ここで余計な事を言うと長引く上に、今は心を決めかねているので『琴子と出会わない』という仮定では話をしたくない。


「お兄ちゃんが斗南だから僕だって斗南なんだ。お兄ちゃんが魁西に行っていたら僕だって受験してるよっ」
「魁西??」

※うちのブログ限定の超進学校


琴子がそれはどこだという顔をこっちに向けて来たので「船津の出身校」と答えてやると、琴子は「ああ。入江くんに突っかかってたから一緒じゃなくて良かったね」と話をまとめた。


そーゆーのは想像がつくらしい。


「魁西って男子校!?」と聞く琴子に、裕樹が溜息をつきながら「共学だよ」と教えていた。


「じゃあ、男子校ってどこ!?」と話が一周したので、俺は自分の部屋に帰る事にした。


それから3時間ほど部屋で勉強して寝室に行くと琴子はまだ起きていて、何故か男子校の話を蒸し返す。

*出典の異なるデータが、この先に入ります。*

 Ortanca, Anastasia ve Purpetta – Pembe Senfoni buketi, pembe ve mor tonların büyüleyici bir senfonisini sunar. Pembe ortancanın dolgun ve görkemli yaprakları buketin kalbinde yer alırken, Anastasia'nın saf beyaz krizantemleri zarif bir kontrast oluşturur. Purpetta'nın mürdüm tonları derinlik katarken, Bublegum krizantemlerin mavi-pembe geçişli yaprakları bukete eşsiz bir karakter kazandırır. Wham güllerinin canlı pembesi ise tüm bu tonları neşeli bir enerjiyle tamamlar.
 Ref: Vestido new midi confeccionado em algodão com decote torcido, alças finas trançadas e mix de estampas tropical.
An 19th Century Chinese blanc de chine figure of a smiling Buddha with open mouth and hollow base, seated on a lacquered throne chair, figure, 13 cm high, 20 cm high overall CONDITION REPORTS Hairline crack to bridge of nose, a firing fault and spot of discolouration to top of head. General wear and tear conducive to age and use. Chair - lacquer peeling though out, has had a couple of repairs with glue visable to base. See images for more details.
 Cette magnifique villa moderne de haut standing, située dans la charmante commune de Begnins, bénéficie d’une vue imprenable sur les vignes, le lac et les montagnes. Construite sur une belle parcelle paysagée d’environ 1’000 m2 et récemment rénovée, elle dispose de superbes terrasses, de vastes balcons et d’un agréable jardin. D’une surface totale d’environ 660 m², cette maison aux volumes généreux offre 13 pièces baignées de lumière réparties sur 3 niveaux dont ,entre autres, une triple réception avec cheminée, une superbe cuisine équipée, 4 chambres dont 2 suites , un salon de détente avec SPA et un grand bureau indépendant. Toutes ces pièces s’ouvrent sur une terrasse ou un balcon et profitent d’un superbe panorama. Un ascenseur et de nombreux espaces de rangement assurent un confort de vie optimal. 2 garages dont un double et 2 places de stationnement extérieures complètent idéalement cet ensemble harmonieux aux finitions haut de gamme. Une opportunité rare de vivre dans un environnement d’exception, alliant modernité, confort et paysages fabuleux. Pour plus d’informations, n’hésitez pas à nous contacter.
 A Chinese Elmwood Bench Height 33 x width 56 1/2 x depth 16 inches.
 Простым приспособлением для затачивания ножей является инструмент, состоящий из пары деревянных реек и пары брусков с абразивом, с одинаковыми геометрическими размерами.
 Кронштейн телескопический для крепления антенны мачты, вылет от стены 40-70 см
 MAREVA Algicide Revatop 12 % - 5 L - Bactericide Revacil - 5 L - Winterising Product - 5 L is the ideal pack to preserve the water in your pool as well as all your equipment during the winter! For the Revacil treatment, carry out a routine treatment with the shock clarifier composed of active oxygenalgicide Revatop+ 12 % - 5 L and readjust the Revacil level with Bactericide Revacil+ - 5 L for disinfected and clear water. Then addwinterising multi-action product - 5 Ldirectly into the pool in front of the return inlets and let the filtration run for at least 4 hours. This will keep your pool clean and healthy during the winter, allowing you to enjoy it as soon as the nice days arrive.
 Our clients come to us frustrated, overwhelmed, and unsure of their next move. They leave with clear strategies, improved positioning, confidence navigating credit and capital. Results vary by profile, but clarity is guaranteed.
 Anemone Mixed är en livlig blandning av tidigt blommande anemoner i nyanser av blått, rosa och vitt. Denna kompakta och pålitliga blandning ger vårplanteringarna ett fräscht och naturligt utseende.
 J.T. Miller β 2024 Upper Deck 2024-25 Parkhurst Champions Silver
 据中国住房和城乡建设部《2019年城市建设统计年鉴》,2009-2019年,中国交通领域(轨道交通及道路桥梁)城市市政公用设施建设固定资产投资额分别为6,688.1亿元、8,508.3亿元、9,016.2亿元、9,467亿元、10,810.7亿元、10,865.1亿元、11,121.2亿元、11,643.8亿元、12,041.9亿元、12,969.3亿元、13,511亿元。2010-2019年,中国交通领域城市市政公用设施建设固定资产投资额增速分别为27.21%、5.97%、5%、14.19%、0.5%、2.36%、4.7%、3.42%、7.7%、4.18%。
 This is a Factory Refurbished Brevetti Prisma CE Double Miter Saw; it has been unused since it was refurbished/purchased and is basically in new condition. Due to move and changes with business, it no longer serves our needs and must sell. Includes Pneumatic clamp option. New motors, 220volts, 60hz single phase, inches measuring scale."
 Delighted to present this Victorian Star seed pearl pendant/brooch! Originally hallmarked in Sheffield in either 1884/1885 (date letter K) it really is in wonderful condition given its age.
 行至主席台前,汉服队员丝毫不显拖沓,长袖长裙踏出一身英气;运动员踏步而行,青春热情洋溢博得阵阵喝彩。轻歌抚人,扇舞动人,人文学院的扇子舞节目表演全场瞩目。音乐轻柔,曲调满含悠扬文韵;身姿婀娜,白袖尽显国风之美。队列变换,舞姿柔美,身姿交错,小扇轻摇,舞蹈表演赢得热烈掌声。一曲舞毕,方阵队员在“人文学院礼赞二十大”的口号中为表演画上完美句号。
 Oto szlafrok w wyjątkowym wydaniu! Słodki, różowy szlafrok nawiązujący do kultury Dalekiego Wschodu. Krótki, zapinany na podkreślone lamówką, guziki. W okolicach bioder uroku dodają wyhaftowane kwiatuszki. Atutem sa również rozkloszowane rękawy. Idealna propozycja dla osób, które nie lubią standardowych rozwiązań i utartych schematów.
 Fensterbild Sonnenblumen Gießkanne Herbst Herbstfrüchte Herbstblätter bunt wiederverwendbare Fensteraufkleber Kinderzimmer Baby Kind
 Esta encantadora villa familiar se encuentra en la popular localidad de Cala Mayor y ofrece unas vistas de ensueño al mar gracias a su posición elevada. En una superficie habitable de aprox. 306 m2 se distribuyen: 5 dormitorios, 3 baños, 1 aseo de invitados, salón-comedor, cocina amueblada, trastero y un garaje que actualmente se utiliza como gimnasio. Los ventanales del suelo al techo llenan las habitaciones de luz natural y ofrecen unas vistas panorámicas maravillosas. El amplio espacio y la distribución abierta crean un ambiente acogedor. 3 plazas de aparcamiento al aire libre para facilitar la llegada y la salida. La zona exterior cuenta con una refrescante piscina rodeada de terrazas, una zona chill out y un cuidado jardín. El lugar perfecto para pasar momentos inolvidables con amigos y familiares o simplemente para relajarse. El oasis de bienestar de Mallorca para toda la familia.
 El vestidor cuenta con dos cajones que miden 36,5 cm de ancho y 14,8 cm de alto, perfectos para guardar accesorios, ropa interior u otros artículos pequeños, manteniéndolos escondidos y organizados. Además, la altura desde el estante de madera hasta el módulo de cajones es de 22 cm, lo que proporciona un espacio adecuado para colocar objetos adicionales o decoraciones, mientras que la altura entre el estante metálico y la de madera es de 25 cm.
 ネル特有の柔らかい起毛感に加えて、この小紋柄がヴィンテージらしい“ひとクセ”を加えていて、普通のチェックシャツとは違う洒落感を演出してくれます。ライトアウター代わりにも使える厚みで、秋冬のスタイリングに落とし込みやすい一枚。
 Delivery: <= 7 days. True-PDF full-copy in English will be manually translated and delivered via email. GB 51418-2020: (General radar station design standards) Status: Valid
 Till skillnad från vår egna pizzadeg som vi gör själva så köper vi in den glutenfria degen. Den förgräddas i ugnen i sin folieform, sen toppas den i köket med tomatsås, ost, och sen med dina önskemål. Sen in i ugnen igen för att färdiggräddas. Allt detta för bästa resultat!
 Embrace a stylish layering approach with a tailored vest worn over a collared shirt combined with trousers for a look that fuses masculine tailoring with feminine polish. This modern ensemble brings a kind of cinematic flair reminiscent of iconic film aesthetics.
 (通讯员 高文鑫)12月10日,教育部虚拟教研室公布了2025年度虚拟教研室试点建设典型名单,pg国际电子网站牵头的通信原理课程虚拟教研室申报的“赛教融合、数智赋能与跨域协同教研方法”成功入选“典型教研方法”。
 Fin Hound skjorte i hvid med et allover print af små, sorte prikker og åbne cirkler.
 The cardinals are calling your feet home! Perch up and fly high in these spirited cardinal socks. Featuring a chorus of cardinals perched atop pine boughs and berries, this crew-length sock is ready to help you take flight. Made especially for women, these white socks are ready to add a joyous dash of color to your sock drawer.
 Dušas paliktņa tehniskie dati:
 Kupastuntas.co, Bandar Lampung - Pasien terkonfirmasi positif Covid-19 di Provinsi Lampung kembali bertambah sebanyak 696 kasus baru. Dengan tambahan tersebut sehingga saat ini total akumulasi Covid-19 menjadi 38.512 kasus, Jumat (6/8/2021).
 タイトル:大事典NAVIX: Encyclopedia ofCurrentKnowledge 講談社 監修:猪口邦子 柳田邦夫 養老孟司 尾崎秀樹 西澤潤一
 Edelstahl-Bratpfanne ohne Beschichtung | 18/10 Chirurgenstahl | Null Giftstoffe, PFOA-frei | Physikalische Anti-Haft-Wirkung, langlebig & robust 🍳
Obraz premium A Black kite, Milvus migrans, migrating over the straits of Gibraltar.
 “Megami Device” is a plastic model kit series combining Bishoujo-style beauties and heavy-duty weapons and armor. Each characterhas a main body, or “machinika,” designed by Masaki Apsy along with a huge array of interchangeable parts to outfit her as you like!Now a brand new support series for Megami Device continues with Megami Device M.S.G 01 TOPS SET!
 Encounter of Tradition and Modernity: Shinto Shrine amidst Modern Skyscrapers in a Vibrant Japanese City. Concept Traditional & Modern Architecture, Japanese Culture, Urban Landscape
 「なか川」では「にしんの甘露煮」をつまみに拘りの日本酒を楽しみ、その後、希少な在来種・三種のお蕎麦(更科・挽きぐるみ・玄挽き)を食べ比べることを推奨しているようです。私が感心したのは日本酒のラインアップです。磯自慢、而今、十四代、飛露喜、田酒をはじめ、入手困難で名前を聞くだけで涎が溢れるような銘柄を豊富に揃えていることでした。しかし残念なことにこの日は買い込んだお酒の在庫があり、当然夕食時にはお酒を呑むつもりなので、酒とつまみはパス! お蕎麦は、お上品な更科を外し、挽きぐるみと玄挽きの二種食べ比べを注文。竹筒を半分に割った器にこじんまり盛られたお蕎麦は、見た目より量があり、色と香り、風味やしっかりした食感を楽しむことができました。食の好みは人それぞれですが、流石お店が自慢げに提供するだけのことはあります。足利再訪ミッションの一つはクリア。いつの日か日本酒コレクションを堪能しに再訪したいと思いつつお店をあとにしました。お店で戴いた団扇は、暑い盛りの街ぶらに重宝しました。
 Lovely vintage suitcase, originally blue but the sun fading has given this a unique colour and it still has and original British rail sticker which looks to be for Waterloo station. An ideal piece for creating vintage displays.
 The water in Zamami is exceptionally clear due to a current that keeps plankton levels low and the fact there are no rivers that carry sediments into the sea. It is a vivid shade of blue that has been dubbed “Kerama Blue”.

「ねえ、入江くん。あたし入江くんが男子校に行っててもきっと出会ってたと思うのよ」と言うので「今度はクラスメイトか!?」とからかうと琴子は「それもいいね」と笑顔で言う。


いや、ダメだろ。どう考えたって同性―――
「あたしが男装して、入江くんが居る寮に潜り込むの」と言われ、どんなドラマの影響なのか頭が痛くなった。


「お前、教育実習中にに黒い服装で職員室に忍び込んで職質受けただろ。もうフォローしないからな」と叱ると、琴子は「そーじゃなくて」と必死に俺にしがみつく。


「きっと、いつかはこうなってたと思うの!!」


まあ、琴子の執念ならそうかもしれないなと俺も思う。


しっかりとくっつかれて思う事は一つ。


「その胸なら、男子と間違われても理解出来る」


(頬が)膨れるかと思ったが、琴子はしおしおと萎み「どうやっても育たなかったわ」と悔しそうに呟いた。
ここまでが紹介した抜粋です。